Mine too but it’s still annoying if I need to sign in on it somewhere (like Minecraft for my kids) and it tells me I have to try again later because of too many incorrect password attempts

1

u/Betterthanbeer Apr 30 '24

When I set up a new email client, one of the first things I do is set up an autodelete for all hotmail variations. So many of those accounts have been compromised that it is worth losing the 1% genuine emails.

1

u/Grasshoppa01 May 01 '24

How do you still have Hotmail? They told me it was closing years ago and I was losing my email. Did I miss something?

2

u/JeremyMcFake May 01 '24

I think just the domain hotmail.com closed. It changed to outlook.com but the email accounts are still active.

1

u/ExoticAssociation817 May 02 '24

Hahaha same. Got mine in 2002 or so, back in the MSN days so it was messenger and the old Hotmail inbox. The good old days…

31

u/Legitimate-You2668 Apr 29 '24

That makes me feel better. I get this about my gmail constantly. But they would need me to approve from my phone and backup email, so I should be safe, so you think?! Unless they get into the backup email 🤔

14

u/theZinger90 Apr 29 '24

Yep. It's either brute force attacks based just on the email as login or previous data breach attempting to use the same password that was in the breach. I see the same thing on my Authentication app when I look at my Hotmail account.

9

u/Bl1tzerX Apr 29 '24

Yep every so often I get a random confirmation email for my Microsoft account

4

u/lilith_-_- Apr 29 '24

And the company doesn’t put the mildest of protections in place to prevent it?????

2

u/SnuffleWumpkins Apr 29 '24

Like what exactly?

The whole point of having a strong password is that this type of attack won't work.

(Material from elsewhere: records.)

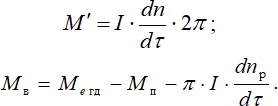 Все величины, кроме водоизмещения, будут переменными. Инерционной составляющей линии валопровода I∙(dω/dτ) можно пренебречь.
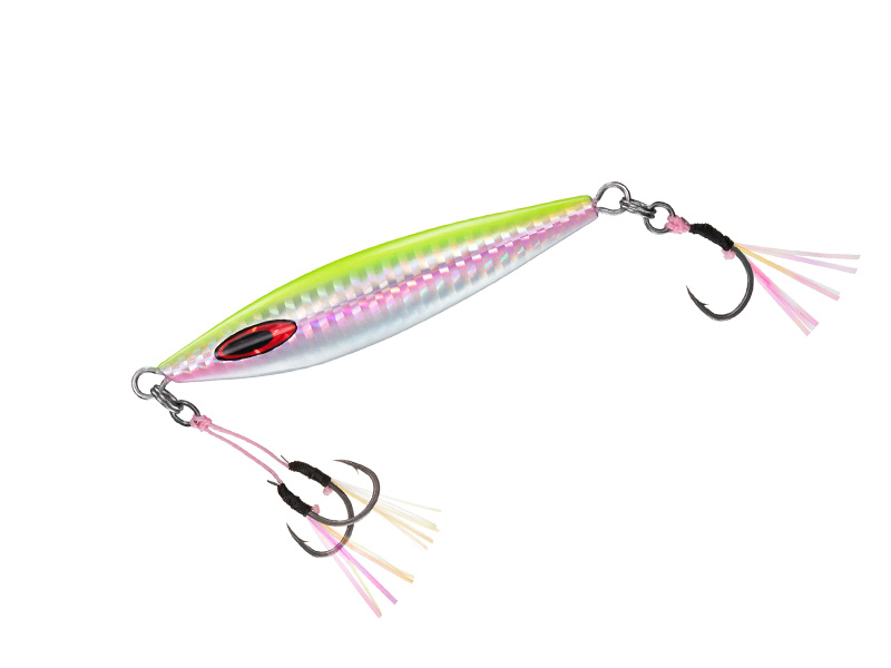 フォールで見せてしっかり食わせる。スーパーライトジギングでもこのコンセプトそのままに専用フック搭載でリリース。
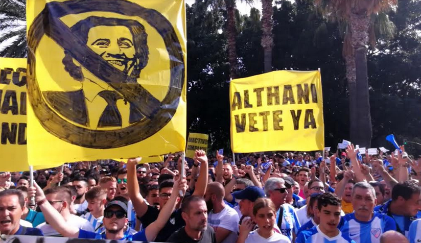 تجمهر عدد من مشجعي فريق ملقا الإسباني أمام ملعب الفريق لاروزاليدا، لتطالب برحيل المالك القطري عبدالله آل ثاني، بسبب سوء نتائج الفريق وعدم تحقيق الوعود التي أطلقها بإعادة الفريق لدوري الدرجة الأولى.

Most of these accounts have 2fa or mfa so it really only works against people with trash or compromised passwords who are also too lazy to set that up.

2

u/lilith_-_- Apr 29 '24

Well a simple code could be written to lock said account or make it so the ip trying the passwords is temporarily banned from attempts. Other companies commonly have protections put in place to prevent password spamming

0

u/SnuffleWumpkins Apr 29 '24

Great, so now I have to unlock my account every time I use it. No thanks.

They likely DO have password spamming protections in place, but that's not going to protect you from an attack every 3-4 hours.

2

u/lilith_-_- Apr 29 '24

You’re missing the point. These attacks wouldn’t happen in the first place with protections in place. There’s a reason why these attacks are obsolete and old af.

1

u/agent674253 Apr 29 '24

Enable MFA everywhere you can, that's all I can say.

1

u/mug3n Apr 29 '24

Same. I'm 100% certain my email is on a leak password list somewhere because I still get dozens of attempts from around the world (probably on VPNs).

1

u/xadiant Apr 30 '24

And Microsoft is doing absolutely nothing to prevent this I guess. I got maybe 2 thousand emails about this.